Copy nothing from the entries below except the lines from the one containing "待鼠标完成固件升级之后,用户" through the one containing "3. Soft Green Shower Curtain Accent", and copy those exactly.

→ DATA IN THIS EXERCISE:
- Opening Delimiter -

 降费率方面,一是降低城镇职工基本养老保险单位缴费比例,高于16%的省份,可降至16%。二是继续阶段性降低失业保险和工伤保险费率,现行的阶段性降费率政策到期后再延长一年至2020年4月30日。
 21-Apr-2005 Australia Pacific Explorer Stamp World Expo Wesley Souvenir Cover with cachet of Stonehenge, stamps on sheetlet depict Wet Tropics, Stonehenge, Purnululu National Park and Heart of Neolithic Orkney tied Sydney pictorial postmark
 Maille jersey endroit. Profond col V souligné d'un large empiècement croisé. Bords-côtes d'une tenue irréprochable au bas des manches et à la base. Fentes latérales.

- Closing Delimiter -
- Opening Delimiter -

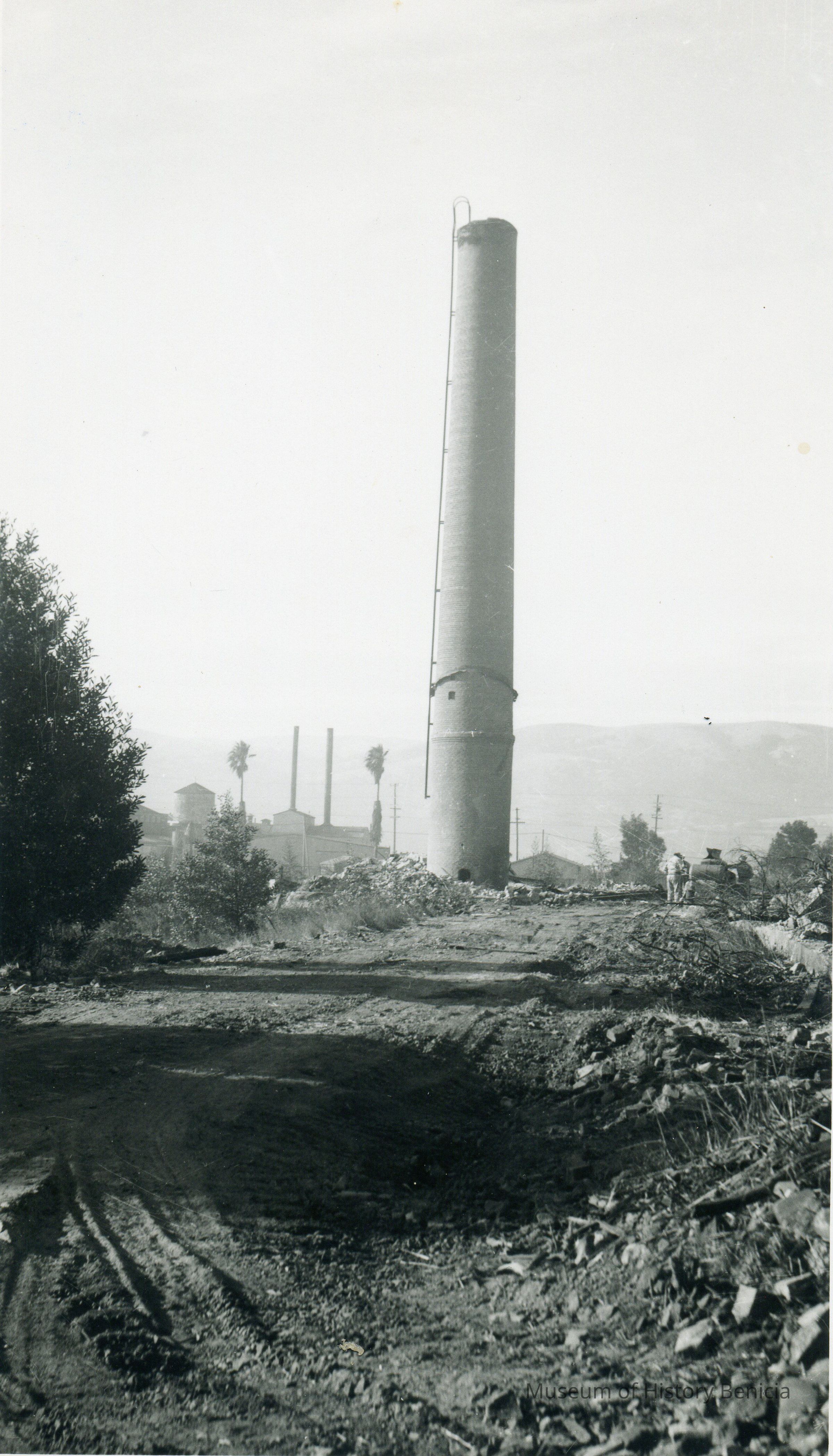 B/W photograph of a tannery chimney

- Closing Delimiter -
- Opening Delimiter -

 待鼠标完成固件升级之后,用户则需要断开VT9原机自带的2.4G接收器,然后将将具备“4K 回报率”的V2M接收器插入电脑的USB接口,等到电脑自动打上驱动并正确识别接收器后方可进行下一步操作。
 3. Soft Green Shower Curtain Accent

- Closing Delimiter -

→ WRITTEN RESPONSE:
 待鼠标完成固件升级之后,用户则需要断开VT9原机自带的2.4G接收器,然后将将具备“4K 回报率”的V2M接收器插入电脑的USB接口,等到电脑自动打上驱动并正确识别接收器后方可进行下一步操作。
 3. Soft Green Shower Curtain Accent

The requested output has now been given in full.